[Opening INFORMATION SHOWN section]

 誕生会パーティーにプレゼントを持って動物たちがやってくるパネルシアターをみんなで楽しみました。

[Closing INFORMATION SHOWN section]
[Opening INFORMATION SHOWN section]

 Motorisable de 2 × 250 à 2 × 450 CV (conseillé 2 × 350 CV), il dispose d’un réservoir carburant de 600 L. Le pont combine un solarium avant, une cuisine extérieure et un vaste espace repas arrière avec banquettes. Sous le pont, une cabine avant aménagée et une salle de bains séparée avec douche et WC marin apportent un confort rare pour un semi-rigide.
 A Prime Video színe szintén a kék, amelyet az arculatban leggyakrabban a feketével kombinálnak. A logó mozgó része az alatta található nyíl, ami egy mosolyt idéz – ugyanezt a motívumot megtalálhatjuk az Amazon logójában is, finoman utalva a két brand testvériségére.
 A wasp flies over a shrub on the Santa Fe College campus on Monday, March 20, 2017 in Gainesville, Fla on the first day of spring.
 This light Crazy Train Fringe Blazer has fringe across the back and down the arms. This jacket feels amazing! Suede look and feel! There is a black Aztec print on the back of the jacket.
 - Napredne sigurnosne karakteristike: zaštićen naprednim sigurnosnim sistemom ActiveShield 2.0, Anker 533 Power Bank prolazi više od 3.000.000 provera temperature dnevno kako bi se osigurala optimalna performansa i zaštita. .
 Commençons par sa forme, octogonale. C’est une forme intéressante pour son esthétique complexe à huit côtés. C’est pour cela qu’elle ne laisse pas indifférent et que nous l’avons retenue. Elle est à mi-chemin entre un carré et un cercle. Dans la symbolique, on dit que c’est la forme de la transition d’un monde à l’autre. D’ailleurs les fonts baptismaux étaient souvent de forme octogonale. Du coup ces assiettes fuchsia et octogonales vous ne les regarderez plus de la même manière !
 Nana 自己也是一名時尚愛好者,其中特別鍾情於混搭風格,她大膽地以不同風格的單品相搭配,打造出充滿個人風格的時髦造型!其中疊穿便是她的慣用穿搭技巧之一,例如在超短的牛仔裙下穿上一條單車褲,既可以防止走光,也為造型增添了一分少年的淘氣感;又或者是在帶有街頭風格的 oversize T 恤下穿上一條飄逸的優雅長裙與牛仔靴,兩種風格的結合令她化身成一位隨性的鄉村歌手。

[Closing INFORMATION SHOWN section]

**PROBLEM**. Would you quote everything above from the line containing "- Napredne sigurnosne" down to the line containing "oversize T 恤下穿上一條飄逸的優雅長裙與牛仔靴,兩種風格的結合令她化身成一位隨性的鄉村歌手。"? Include both of those lines and nothing else.

**RESULT OF THE EXERCISE**.
 - Napredne sigurnosne karakteristike: zaštićen naprednim sigurnosnim sistemom ActiveShield 2.0, Anker 533 Power Bank prolazi više od 3.000.000 provera temperature dnevno kako bi se osigurala optimalna performansa i zaštita. .
 Commençons par sa forme, octogonale. C’est une forme intéressante pour son esthétique complexe à huit côtés. C’est pour cela qu’elle ne laisse pas indifférent et que nous l’avons retenue. Elle est à mi-chemin entre un carré et un cercle. Dans la symbolique, on dit que c’est la forme de la transition d’un monde à l’autre. D’ailleurs les fonts baptismaux étaient souvent de forme octogonale. Du coup ces assiettes fuchsia et octogonales vous ne les regarderez plus de la même manière !
 Nana 自己也是一名時尚愛好者,其中特別鍾情於混搭風格,她大膽地以不同風格的單品相搭配,打造出充滿個人風格的時髦造型!其中疊穿便是她的慣用穿搭技巧之一,例如在超短的牛仔裙下穿上一條單車褲,既可以防止走光,也為造型增添了一分少年的淘氣感;又或者是在帶有街頭風格的 oversize T 恤下穿上一條飄逸的優雅長裙與牛仔靴,兩種風格的結合令她化身成一位隨性的鄉村歌手。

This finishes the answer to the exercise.